Though each is a songwriter, they chose to emphasize non-original material when they began working as a trio.

“That’s part of the mission of the band,” Solebello said. “When we met, we’d been playing exclusively original music and pretty much getting nowhere. We were all a little burnt out on that, and we thought there is so much beautiful music out there, so many songs that we admire in the American canon, folk and otherwise. We just started exploring songs by other writers and songs by traditional writers that we don’t even know where they came from. Abbie was the only songwriter who was prolific enough to have any material to use for the last record. We have a tendency to admire songwriters who sound old.”

Gardner’s two tunes on Vegas have that same timeless quality, as though they’ve been floating around in the ethos for years. “Seven Years” could’ve come from the folk boom of the ‘60s and “Ohio” has the sing-song quality of something that’s been passed down over several generations.

“It’s kind of a variation on ‘Pig in a Pen,’” Solebello said of the latter. “It’s a simple little ditty that sounds like it was written a hundred years ago.”

Theirs is the kind of stuff you wish had a place on contemporary country radio: organic three-part vocal harmonies over acoustic guitars, banjo, mandolin and dobro. Rather than cater to a specific commercial marketplace, they’ve chosen to follow their own musical compass.

“We don’t like to be pigeonholed,” she said. “If we went to Nashville and looked for a producer or tried to court a country label, we might be pushed into doing only one kind of music. We like being independent right now.

“I make fans laugh by saying, ‘I hate country music.’ What we see as country music is people like Hank Williams and Kitty Wells.”

Though all three Mollies are self-described “Yankees,” Gardner’s mom was a bluegrass fan who began taking her to bluegrass festivals as a young girl. Solebello discovered folk music and its variants in college.

“I went to Fordham University,” she said. “They have this fantastic radio station that played mostly folk music and ‘new folk.’ It was during that time in the ‘90s with a lot of people like Suzanne Vega and Tracy Chapman. When I discovered the Indigo Girls it was like a revelation to me. It hadn’t occurred to me to make music with an acoustic guitar.

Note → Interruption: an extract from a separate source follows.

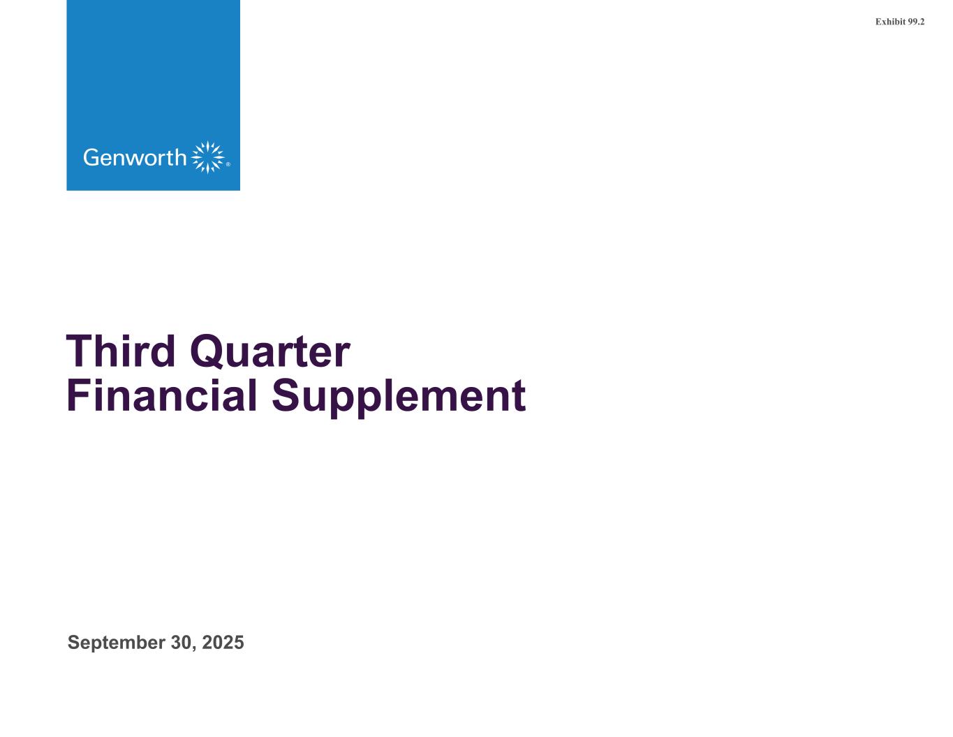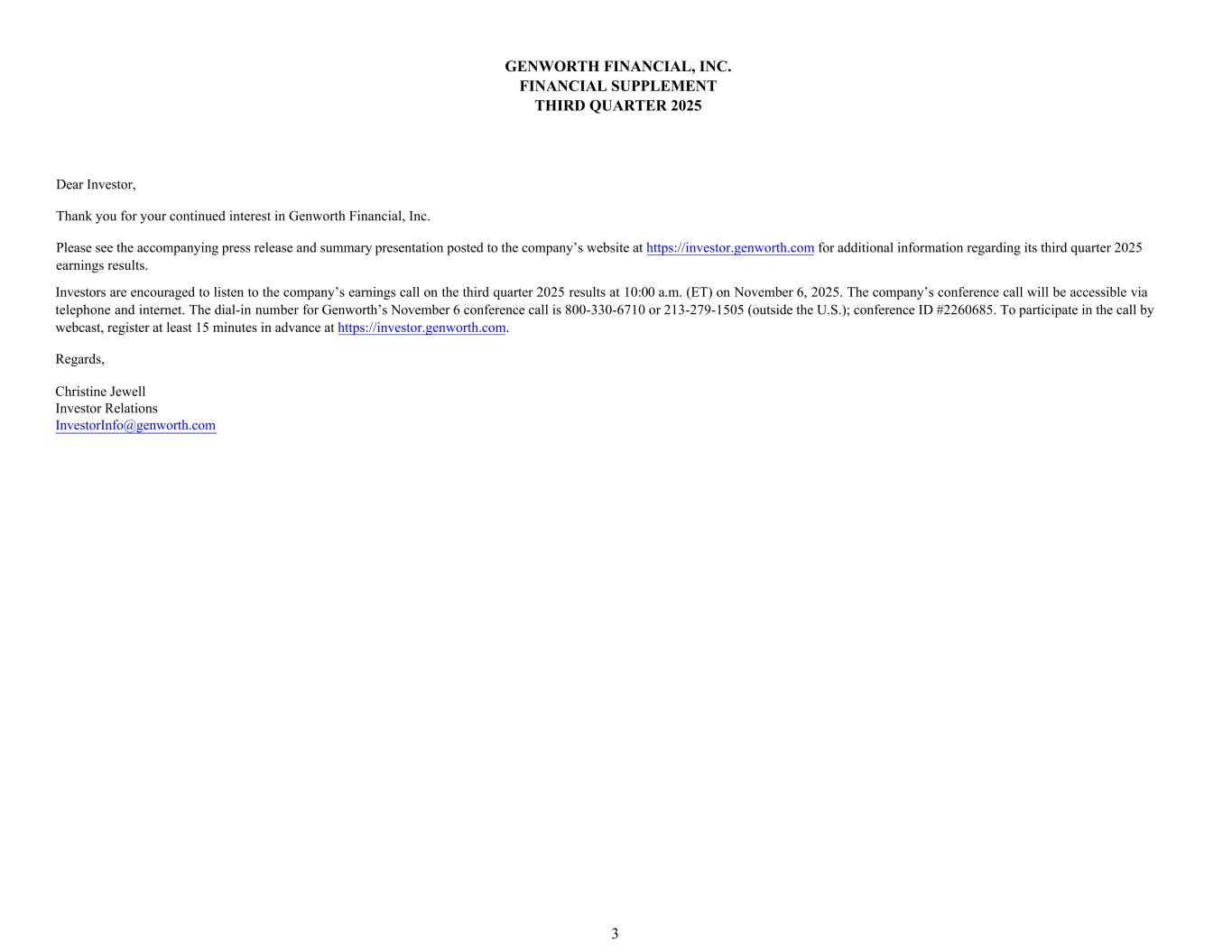 Investors are encouraged to listen to the company’s earnings call on the third quarter 2025 results at 10:00 a.m. (ET) on November 6, 2025. The company’s conference call will be accessible via telephone and internet. The dial-in number for Genworth’s November 6 conference call is 800-330-6710 or 213-279-1505 (outside the U.S.); conference ID #2260685. To participate in the call by webcast, register at least 15 minutes in advance at https://investor.genworth.com. Dear Investor, Thank you for your continued interest in Genworth Financial, Inc. Please see the accompanying press release and summary presentation posted to the company’s website at https://investor.genworth.com for additional information regarding its third quarter 2025 earnings results. Regards, Christine Jewell Investor Relations InvestorInfo@genworth.com GENWORTH FINANCIAL, INC. FINANCIAL SUPPLEMENT THIRD QUARTER 2025 3

“After college I ended up acting and traveling around the country to Tennessee and to Kansas. That’s where I met the people who make the real kind of music. I was working in musical theatre mostly and ended up in the wilds of east Tennessee. There’s a town called Townsend, an itty-bitty little town sitting in the Great Smoky Mountains National Park close to the North Carolina border. Boy, I met some people there—I was doing a musical and I had to learn to sing mountain music. I was never exposed to that and it opened a whole new world for me. It took me a little while, you know, Yankee girl with my big Cadillac—I drove down there in my father’s huge brown 1977 Cadillac with New York plates. I got pulled over more times than I can tell you!”

As she prepares to head south again, this time with her two Molly-mates, Carolann Solebello acknowledges what the threesome has already accomplished since coming together:

“At the moment we consider ourselves successful because (a) we love what we’re doing and (b) we’re actually making a living at it. I was a high school English teacher; Abbie just ‘retired’ from her career as an occupational therapist; and Laurie was an industrial psychologist until she left that to become a waitress so she would have free brain space and time for music. But she left her waitressing job last year, I left my teaching job in February and Abbie left her occupational therapy job in June. And we’re all supporting ourselves. We don’t need the bling, we don’t need the big houses. Right now we consider ourselves very successful.”